Steroid metabolism in target tissues has relevance in assessing biological response. We have investigated the metabolism of testosterone and estrogens in the reproductive tract and accessory sex glands in the boar. Seminal vesicles were taken from four 6-mo-old animals; and seminal vesicles, prostate, vas deferens, and regions of the epididymis were taken from two mature boars (10 and 24 mo old).
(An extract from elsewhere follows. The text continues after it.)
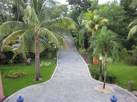 Blick von unserem Zimmer/Wohnhaus auf den Weg durch den Garten zur Lobby
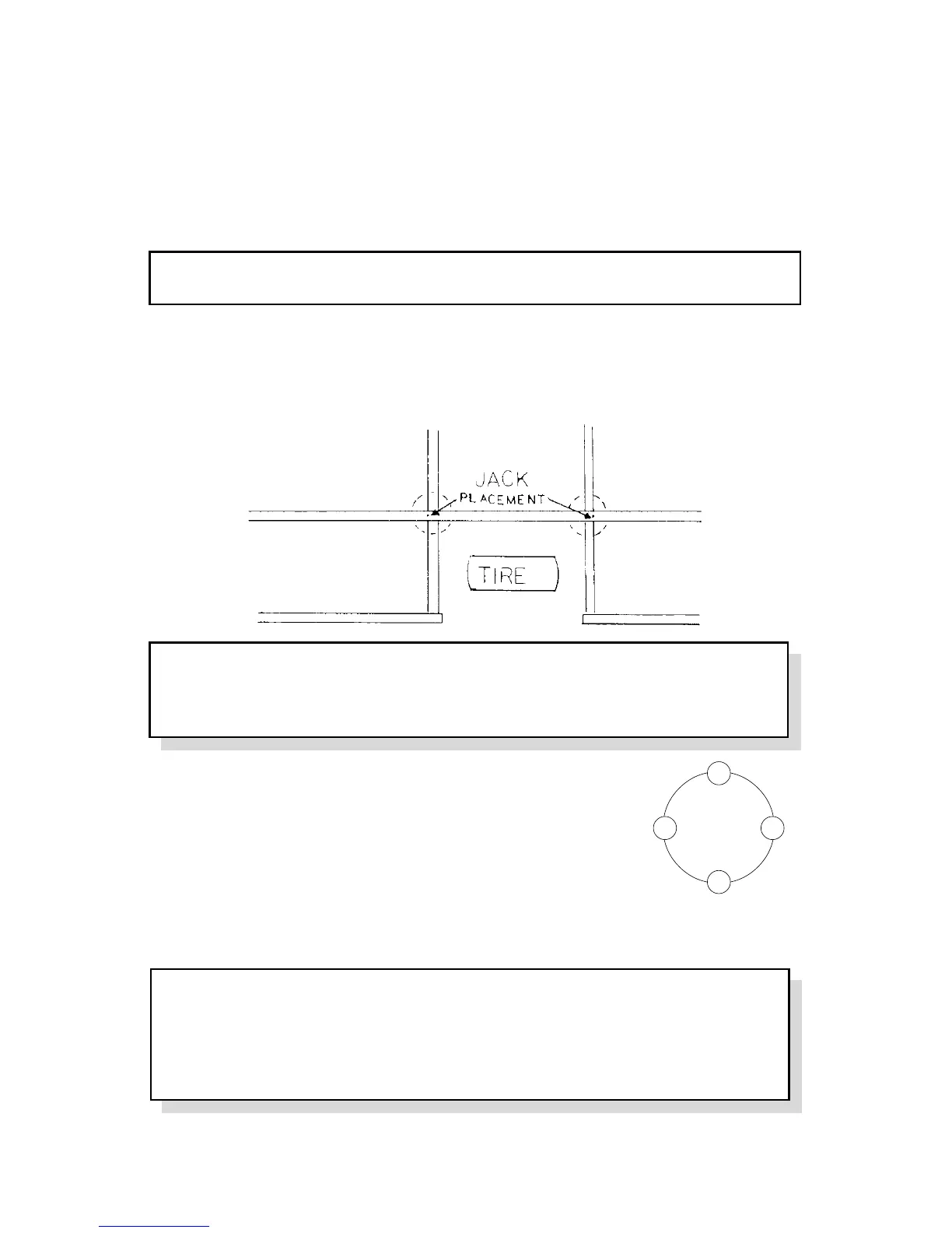 alignment can be altered causing excessive tire wear. DO NOT place jack

Tissues were incubated in 5 ml medium (TC-199) at 34 degrees C under 5% CO(2) and 95% air for 2 h with (3)H-labeled testosterone, estrone, and estradiol-17beta. Aliquots of spent media were taken to measure radioactivity before separation of unconjugated and conjugated steroids on Waters C(18) Sep-Pak cartridges. Sulfoconjugated steroids and glucuronidates were recovered in series from C(18) cartridges after solvolysis and enzyme hydrolysis, respectively. Profiles of metabolites for free and hydrolyzed fractions were obtained from gradient HPLC with acetonitrile:water on a reversed-phase C(18) column. No clear evidence of conjugation was seen for testosterone metabolites. 5alpha-Dihydrotestosterone was the principal metabolite, but the amounts formed depended on the source, with little from the epididymal tissues and seminal vesicles, but greater quantities from the vas deferens (>25%) and prostate (>30%). The most noteworthy feature of estrogen metabolism was the extent of conjugation by all tissues. Almost all radioactivity in the conjugate fractions for the epididymis and vas was present as sulfates. Glucuronidates were seen for the prostate and were the dominant form of conjugation (about 60%) for the seminal vesicles. A striking parallel existed for the profiles of estrogen metabolites from all tissues for unconjugated and hydrolyzed fractions. Only in quantitative terms were some distinctions noted. These overall findings underscore a need to consider local metabolism of steroid hormones in target tissues of the male reproductive system.

Isolation of 11 beta-hydroxylated androgens from testicular vein blood of the mature boar.

The isolation of 11 beta-hydroxyandrostenedione and 11 beta-hydroxytestosterone from testicular vein blood of the mature male domestic pig is described. Blood was collected from veins and arteries on the surface of the testes of mature boars. Steroids were extracted from plasma with SEP-PAK C18 cartridges and recovered with acetonitrile. A separation of steroids was made by high performance liquid chromatography (HPLC) using acetonitrile/water (37/63; v/v), and fractions were collected manually with detection at 254 nm. Preliminary identification was based on comparison with the HPLC retention time of an authentic steroid standard. Final characterization was achieved by means of capillary gas chromatography-mass spectrometry (GC-MS). The findings record the first evidence for the secretion of C19-11-hydroxylated steroids by normal testes in a mammalian species.